SIGNIFICANCE AND USE
4.1 This practice is useful as a screening basis for acceptance or rejection of transparencies during manufacturing so that units with identifiable flaws will not be carried to final inspection for rejection at that time.  
4.2 This practice may also be employed as a go-no go technique for acceptance or rejection of the finished product.  
4.3 This practice is simple, inexpensive, and effective. Flaws identified by this practice, as with other optical methods, are limited to those that produce temperature gradients when electrically powered. Any other type of flaw, such as minor scratches parallel to the direction of electrical flow, are not detectable.
SCOPE
1.1 This practice covers a standard procedure for detecting flaws in the conductive coating (heater element) by the observation of polarized light patterns.  

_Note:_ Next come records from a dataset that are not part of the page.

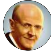
Rtn. Paul Harris Founder

Starting from Wednesday 2nd Dec Every Wednesday 4:30 PM to 5:30 PM - Rotary India Web Team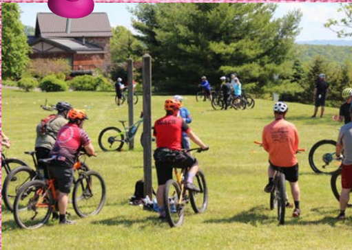
Coaches receiving training at the PICL Coaches Retreat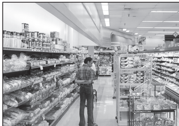
Fig. 7.3: Packed Food Market in U.S.A.

Urban marketing centres have more widely specialised urban services. They provide ordinary goods and services as well as many of the specialised goods and services required by people. Urban centres, therefore, offer manufactured goods as well as many specialised markets develop, e.g. markets for labour, housing, semi or finished products. Services of educational institutions and professionals such as teachers, lawyers, consultants, physicians, dentists and veterinary doctors are available.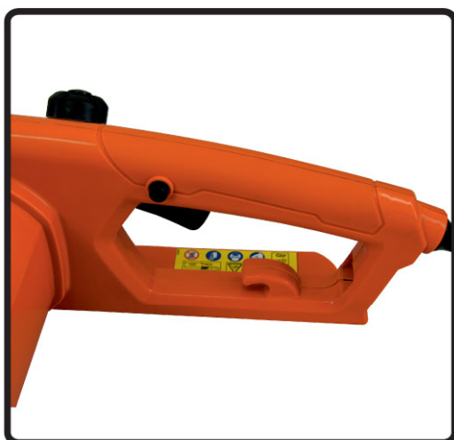
safety switch with switch lock cable strain relief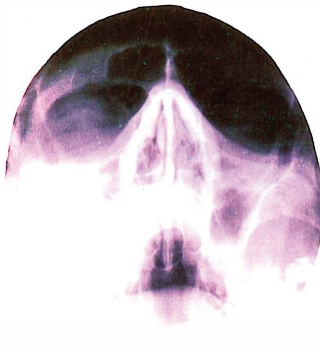
Fig. 2. X-ray shows opacity of right maxillary sinus and hypertrophy of left sinus mucosa.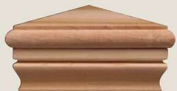
High Pyramid 4x4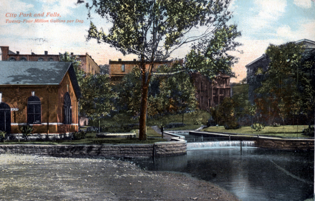
City Park and Falls, Twenty-Four Million Gallons per Day.

1.2 This practice applies to coatings on surfaces of monolithic transparencies as well as to coatings imbedded in laminated structures.  
1.3 The values stated in SI units are to be regarded as standard. No other units of measurement are included in this standard.  
1.4 This standard does not purport to address all of the safety concerns, if any, associated with its use. It is the responsibility of the user of this standard to establish appropriate safety, health, and environmental practices and determine the applicability of regulatory limitations prior to use. For specific precautionary statements, see Section 6.  
1.5 This international standard was developed in accordance with internationally recognized principles on standardization established in the Decision on Principles for the Development of International Standards, Guides and Recommendations issued by the World Trade Organization Technical Barriers to Trade (TBT) Committee.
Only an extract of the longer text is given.